## EXERCISE DESCRIPTION:
Return the data exactly, apart from leaving out the pictures.

BEGIN GIVEN INFORMATION

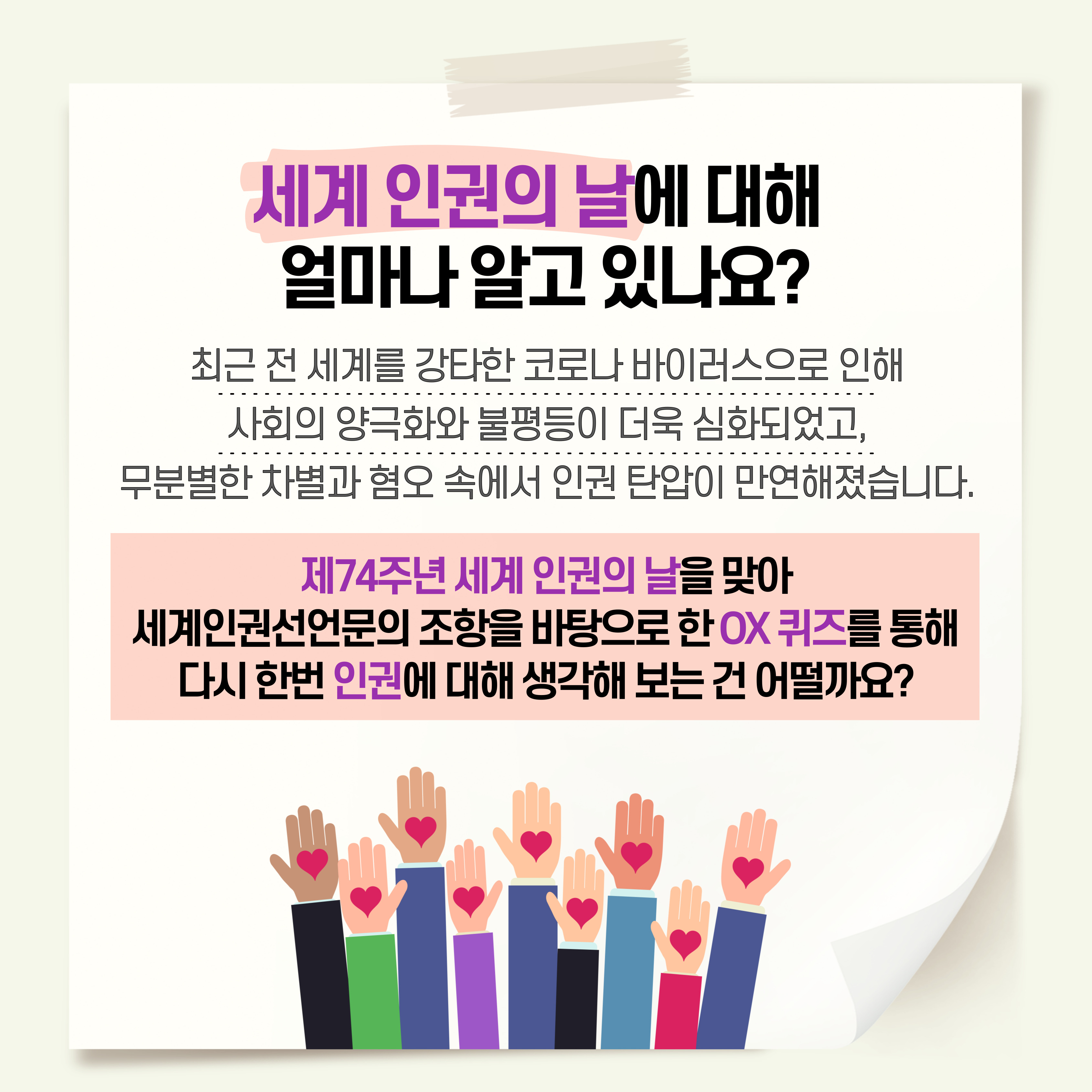 세계인권선언문의 내용을 바탕으로 한 OX퀴즈를 통해, 세계인권에 대해 알아보는건 어떨까요?
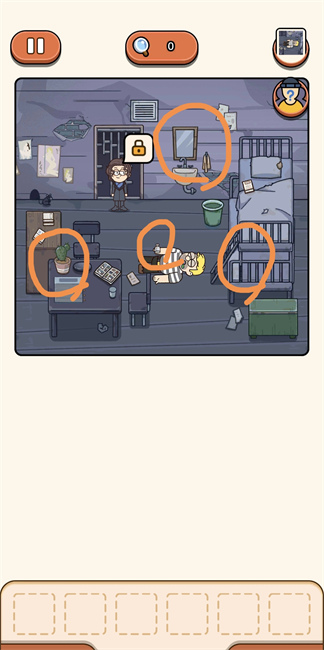 案件大师监狱谋杀案怎么玩?红发狱警,狱警右手有线索残留粉末,办公室门左边饮水机内绿色的水是线索,右边有空调开关,调高温度,狱警就会热得脱衣服,获得线索手腕上的编号;办公室左边的铁柜内有一个天平,把砝码全部放进去可以获得线索警徽。
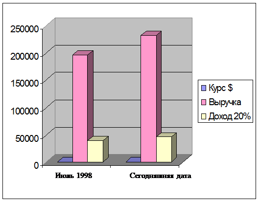 10. На основе проведенных расчетов создайте новую таблицу по приведенному ниже образцу (рис.62)и с помощью команды меню ВСТАВКА→Диаграммапостройте объемную гистограмму (рис.63.)
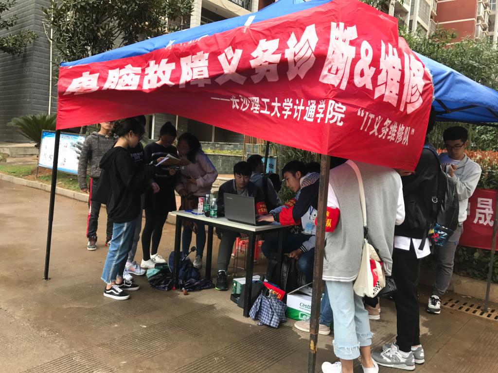 “IT义务维修队”的“义诊”活动,每年坚持举行,已服务过丽发新城、阳光一百等小区;也曾驻点湖南女子学院等学校开展义务维修。这既实现了专业服务社会的价值,又体现了大学生的社会奉献和担当。维修队的热心服务、技术人员的专业指导,赢得了服务对象的充分肯定,不少居民表示,希望与维修队建立联系,今后还有需要,还希望能邀请维修队上门帮助。
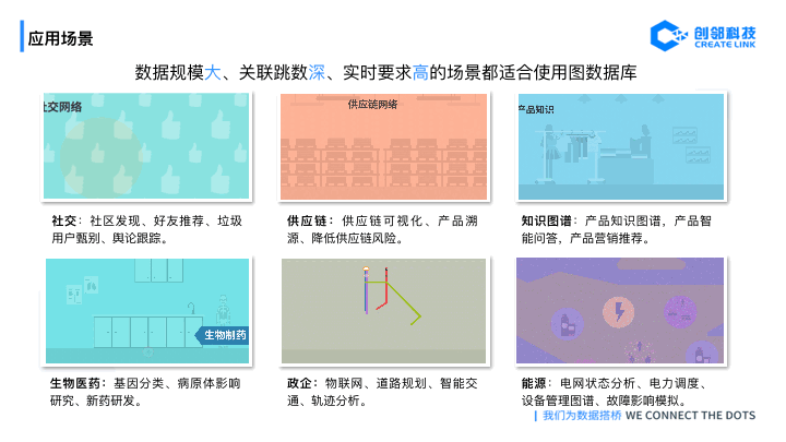 创邻业务覆盖的电力、金融、营销、电信、供应链、社交、公安等领域,都符合这些特征,我们可以在每个领域选择典型场景先行落地。
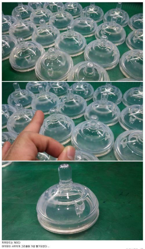 젖병 만드는 회사 직원으로 추정되는 게시자는 자신을 '찌찌만드는 게이'라 소개했다. 이어 "여자젖이 사무치게 그리울때 가끔 빨기도 한다"고 밝혀 충격을 안겼다.
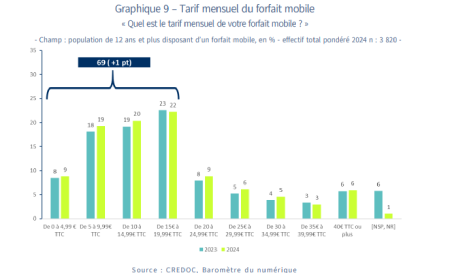 Selon l'étude, en 2024, 69 % des abonnés à un forfait mobile ont souscrit un forfait mobile pas cher (moins de 20 € par mois). Cette proportion est stable par rapport à l'année précédente (+1 point) et, très logiquement, plus importante encore chez les jeunes : plus de 8 abonnés sur 10 chez les moins de 18 ans.
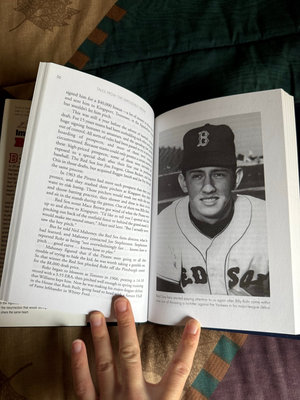 A baseball-themed book about the Boston Red Sox, featuring a cover image of the team and players, a back-cover description with Yaz photo
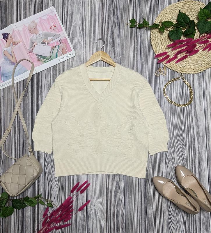 Молочный хлопковый свитер с коротким рукавом marks & spencer #4414
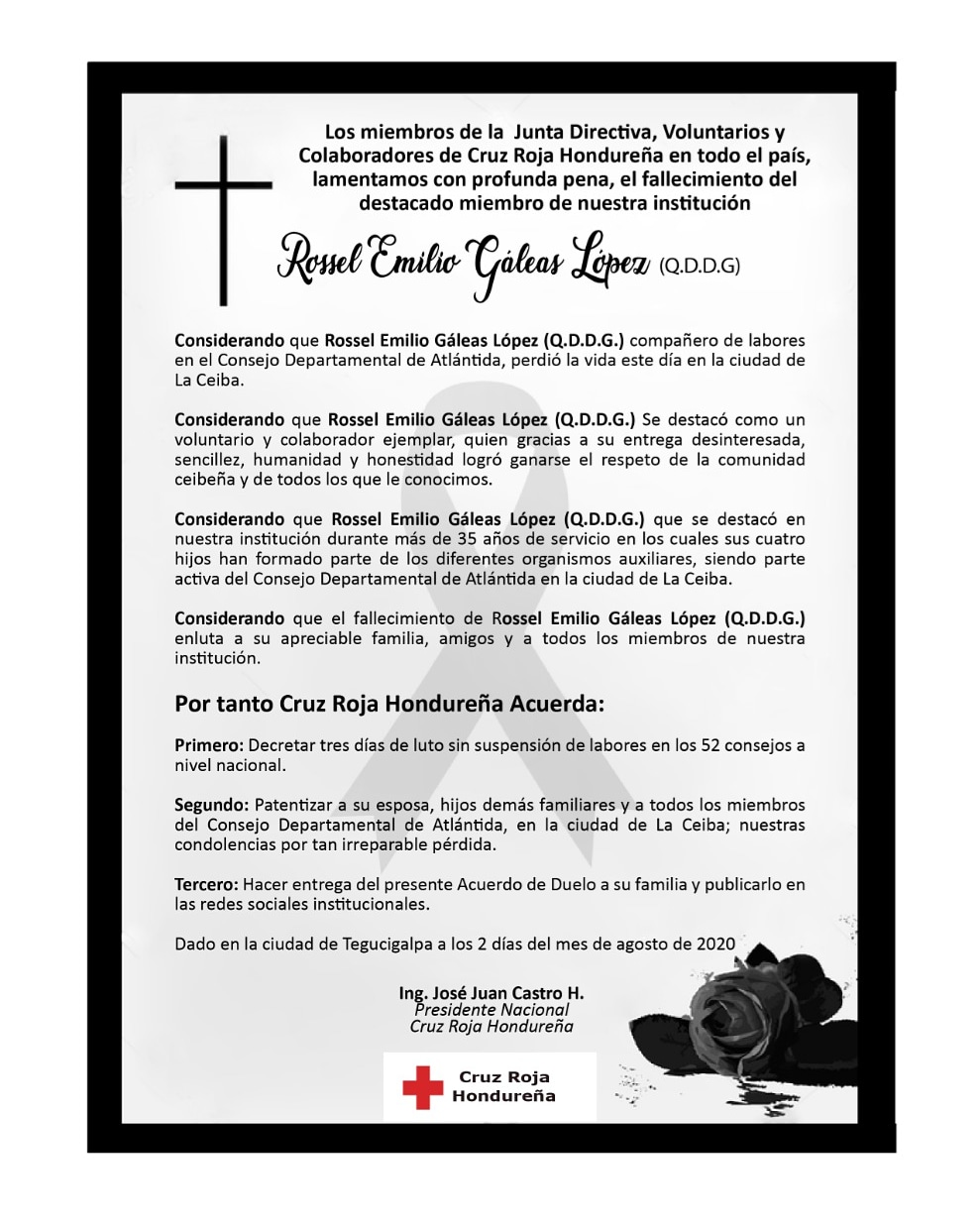 Los miembros de la Junta Directiva, Voluntarios y Colaboradores de Cruz Roja Hondureña, informaron y a la vez lamentaron con profunda pena, el fallecimiento del destacado miembro Rossel Emilio Gáleas López.
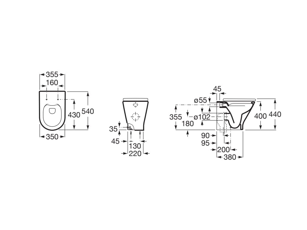 Roca GAP ROUND Miska WC stojąca Rimless przyścienna. A3470N7000
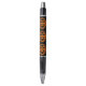 Esta caneta incrível apresenta um oval laranja com seis corvos. Cada corvo tem olhos amarelos com pupilas pretas e asas salientes. Os corvos voam em direção uns aos outros formando uma forma oval. O fundo é preto.
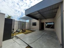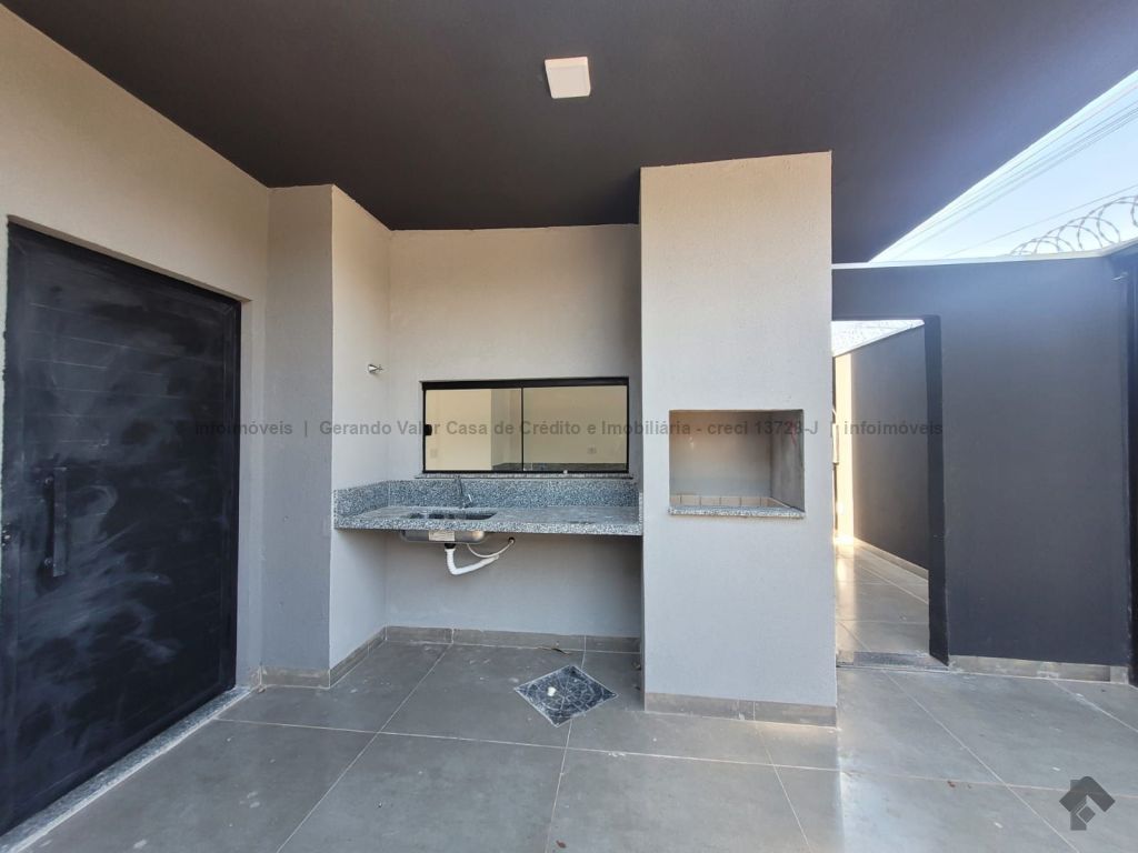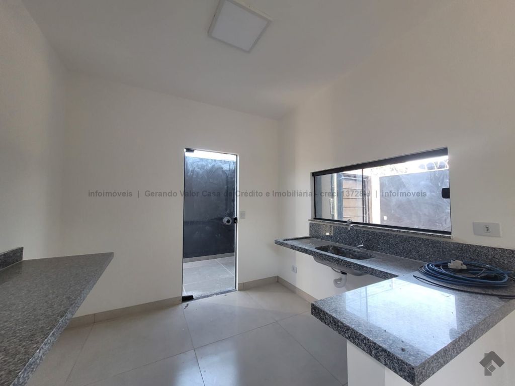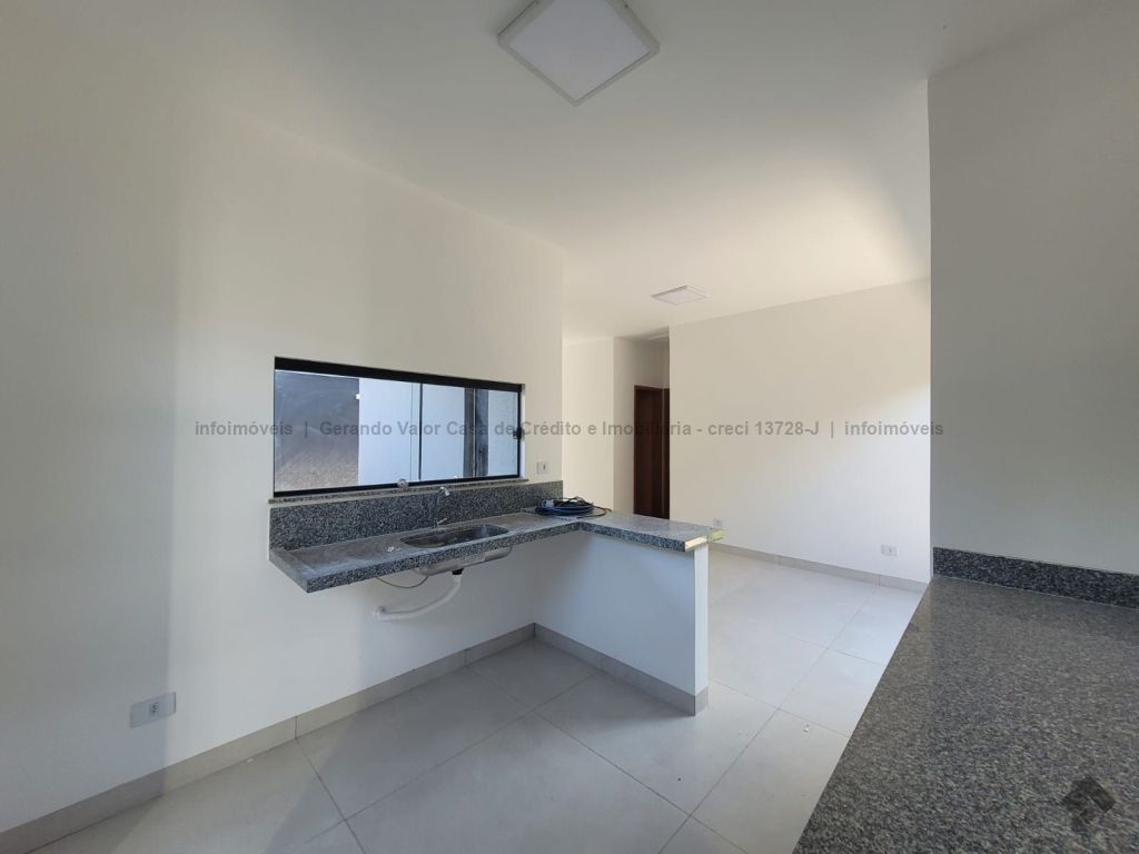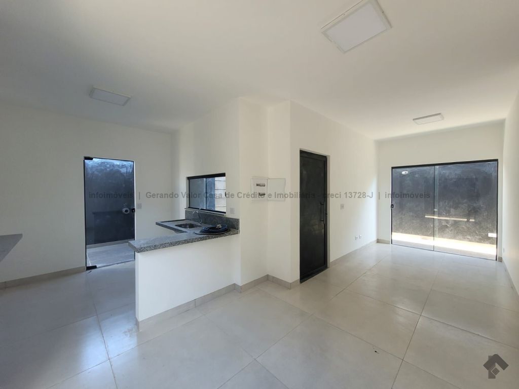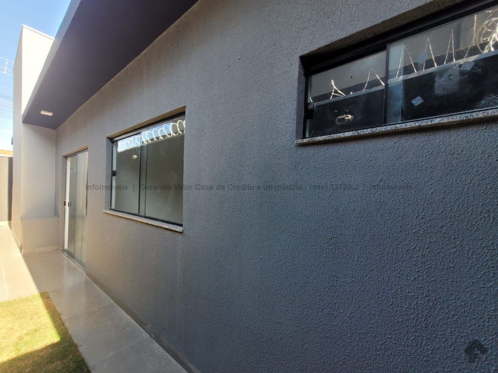 Sala, cozinha, 1 quarto, 1 suíte, 1 banheiro social, lavanderia coberta, portão de elevação e portão social, garagem para 2 carros, corredor lateral. Casa bem distribuída com cômodos amplos.

END GIVEN INFORMATION

## COMPLETED TASK:
 세계인권선언문의 내용을 바탕으로 한 OX퀴즈를 통해, 세계인권에 대해 알아보는건 어떨까요?
 案件大师监狱谋杀案怎么玩?红发狱警,狱警右手有线索残留粉末,办公室门左边饮水机内绿色的水是线索,右边有空调开关,调高温度,狱警就会热得脱衣服,获得线索手腕上的编号;办公室左边的铁柜内有一个天平,把砝码全部放进去可以获得线索警徽。
 10. На основе проведенных расчетов создайте новую таблицу по приведенному ниже образцу (рис.62)и с помощью команды меню ВСТАВКА→Диаграммапостройте объемную гистограмму (рис.63.)
 “IT义务维修队”的“义诊”活动,每年坚持举行,已服务过丽发新城、阳光一百等小区;也曾驻点湖南女子学院等学校开展义务维修。这既实现了专业服务社会的价值,又体现了大学生的社会奉献和担当。维修队的热心服务、技术人员的专业指导,赢得了服务对象的充分肯定,不少居民表示,希望与维修队建立联系,今后还有需要,还希望能邀请维修队上门帮助。
 创邻业务覆盖的电力、金融、营销、电信、供应链、社交、公安等领域,都符合这些特征,我们可以在每个领域选择典型场景先行落地。
 젖병 만드는 회사 직원으로 추정되는 게시자는 자신을 '찌찌만드는 게이'라 소개했다. 이어 "여자젖이 사무치게 그리울때 가끔 빨기도 한다"고 밝혀 충격을 안겼다.
 Selon l'étude, en 2024, 69 % des abonnés à un forfait mobile ont souscrit un forfait mobile pas cher (moins de 20 € par mois). Cette proportion est stable par rapport à l'année précédente (+1 point) et, très logiquement, plus importante encore chez les jeunes : plus de 8 abonnés sur 10 chez les moins de 18 ans.
 A baseball-themed book about the Boston Red Sox, featuring a cover image of the team and players, a back-cover description with Yaz photo
 Молочный хлопковый свитер с коротким рукавом marks & spencer #4414
 Los miembros de la Junta Directiva, Voluntarios y Colaboradores de Cruz Roja Hondureña, informaron y a la vez lamentaron con profunda pena, el fallecimiento del destacado miembro Rossel Emilio Gáleas López.
 Roca GAP ROUND Miska WC stojąca Rimless przyścienna. A3470N7000
 Esta caneta incrível apresenta um oval laranja com seis corvos. Cada corvo tem olhos amarelos com pupilas pretas e asas salientes. Os corvos voam em direção uns aos outros formando uma forma oval. O fundo é preto.
 Sala, cozinha, 1 quarto, 1 suíte, 1 banheiro social, lavanderia coberta, portão de elevação e portão social, garagem para 2 carros, corredor lateral. Casa bem distribuída com cômodos amplos.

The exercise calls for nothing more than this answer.